Source records
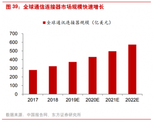 根据《中国通讯接插件市场发展研究及投资前景报告》,全球通迅领域接插件的市场规模增长最快,其中全球射频接插件市场规模预计2022年增长至78亿美元,2017-2022年复合增长率达6.5%。
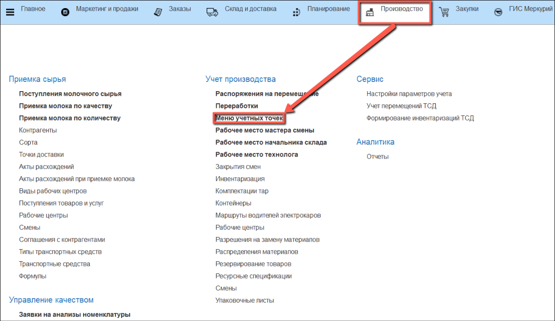 - В подсистеме "Производство" открываем "Меню учетных точек":
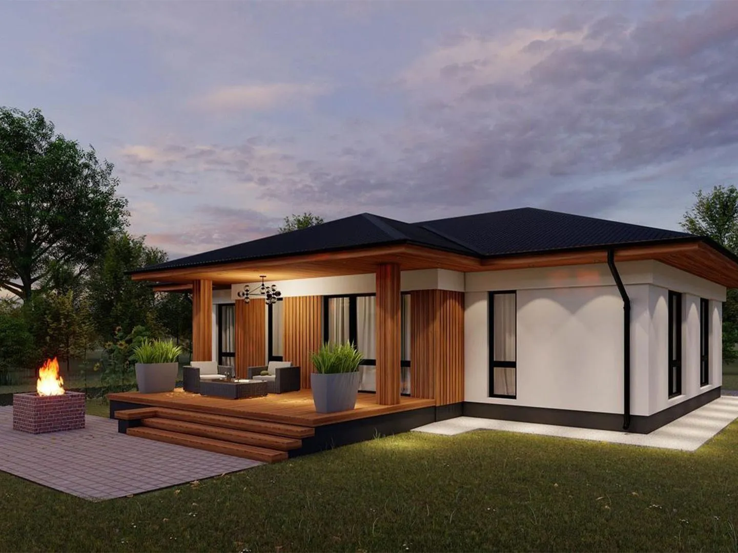 Одноэтажный дом в чёрном Стиле- номер 134
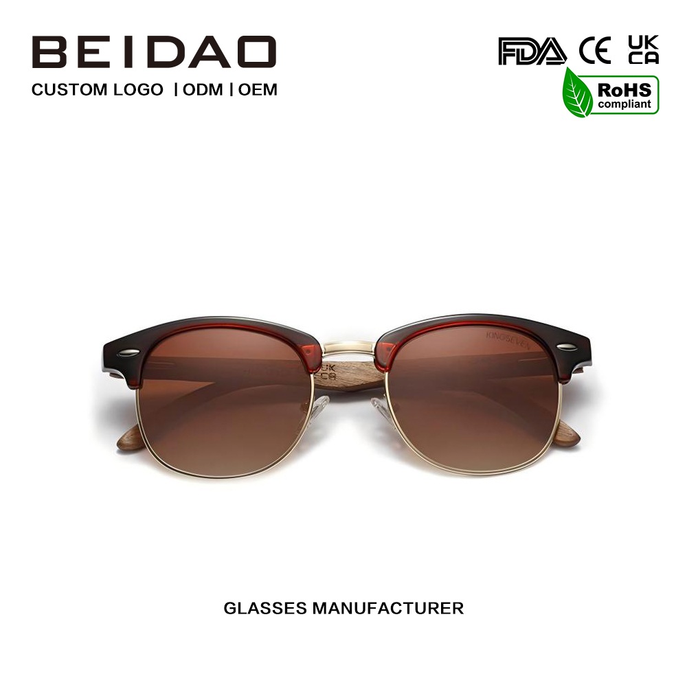 Drewniane okulary przeciwsłoneczne z polaryzacją w kolorze gradientowego brązu są wykonane z wysokiej jakości metalu i niełatwo je uszkodzić.
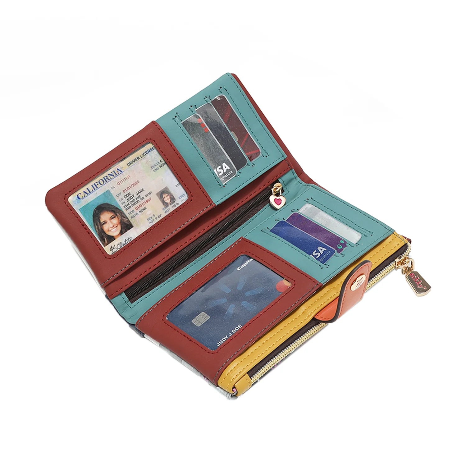 Bi-Fold Wallet to organize your cards, cash, and coins in style with this bifold zipper waller! its lightly-textured finish adds a modern flair and it's packed with pockets and slots, so you'll be sorted in no time! it's the perfect pick for people who take organizing seriously, but not themselves. Made of Smooth high quality eco-leather. Snap button closure with 2 fastener options with logo engraved round button. 7"L x 1"W x 3.75"H ANTI THEFT RFID (Radio Frequency Identity) BLOCKING TECHNOLOGY.
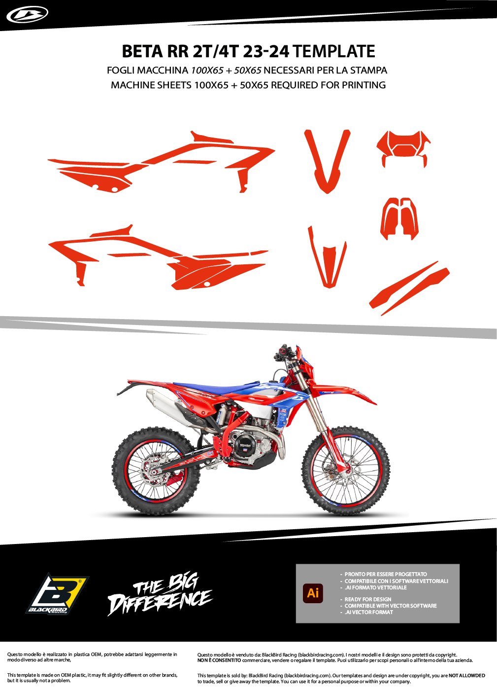 Con i nostri template vettoriali puoi creare la grafica che desideri per la tua moto. Modelli in formato vettoriale in scala 1:1 per schizzi e creazioni grafiche. I file sono in formato PDF vettoriale, compatibili con i principali software di grafica vettoriale.
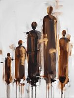 Dit schilderij toont een familie van vijf in een abstracte, moderne compositie die doet denken aan een familieopstelling. 5 vormen staan in relatie tot elkaar, elk met een eigen plek en energie binnen het geheel. Warme bruin- en goudtinten verbinden de figuren en verwijzen naar oorsprong, waarde en onderlinge loyaliteit. De afstand en…
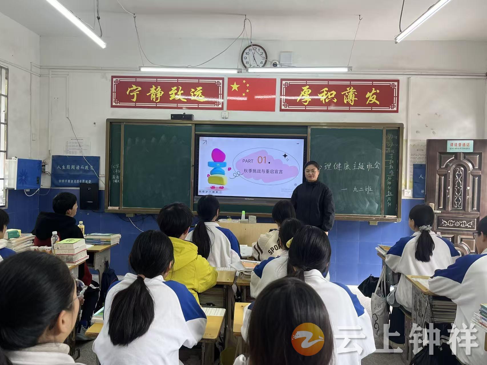 班会伊始,各班主任以温暖治愈的短视频引入主题。视频展现青少年在学习、生活中的常见心理困惑及积极应对后的成长蜕变,迅速吸引了学生的注意力,引发了情感共鸣。随后,班主任结合生动案例,深入浅出讲解心理健康的重要性,强调良好的心理状态是学业进步、人际交往和谐的基础。
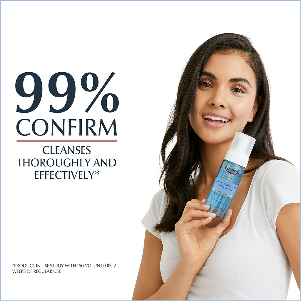 - Cleanse in the morning and evening pump Eucerin Dermato Clean [HYALURON] Micellar Foam into your hand. Apply it to your face, neck and decollete using your fingertips. You can wet your face beforehand if you like but there is no need to rinse off with warm water

▶ **Task objective**
Take the lines above from the top of the records through the one with "Drewniane okulary przeciwsłoneczne" and repeat them exactly, without any pictures.

▶ **Solution for this problem**
 根据《中国通讯接插件市场发展研究及投资前景报告》,全球通迅领域接插件的市场规模增长最快,其中全球射频接插件市场规模预计2022年增长至78亿美元,2017-2022年复合增长率达6.5%。
 - В подсистеме "Производство" открываем "Меню учетных точек":
 Одноэтажный дом в чёрном Стиле- номер 134
 Drewniane okulary przeciwsłoneczne z polaryzacją w kolorze gradientowego brązu są wykonane z wysokiej jakości metalu i niełatwo je uszkodzić.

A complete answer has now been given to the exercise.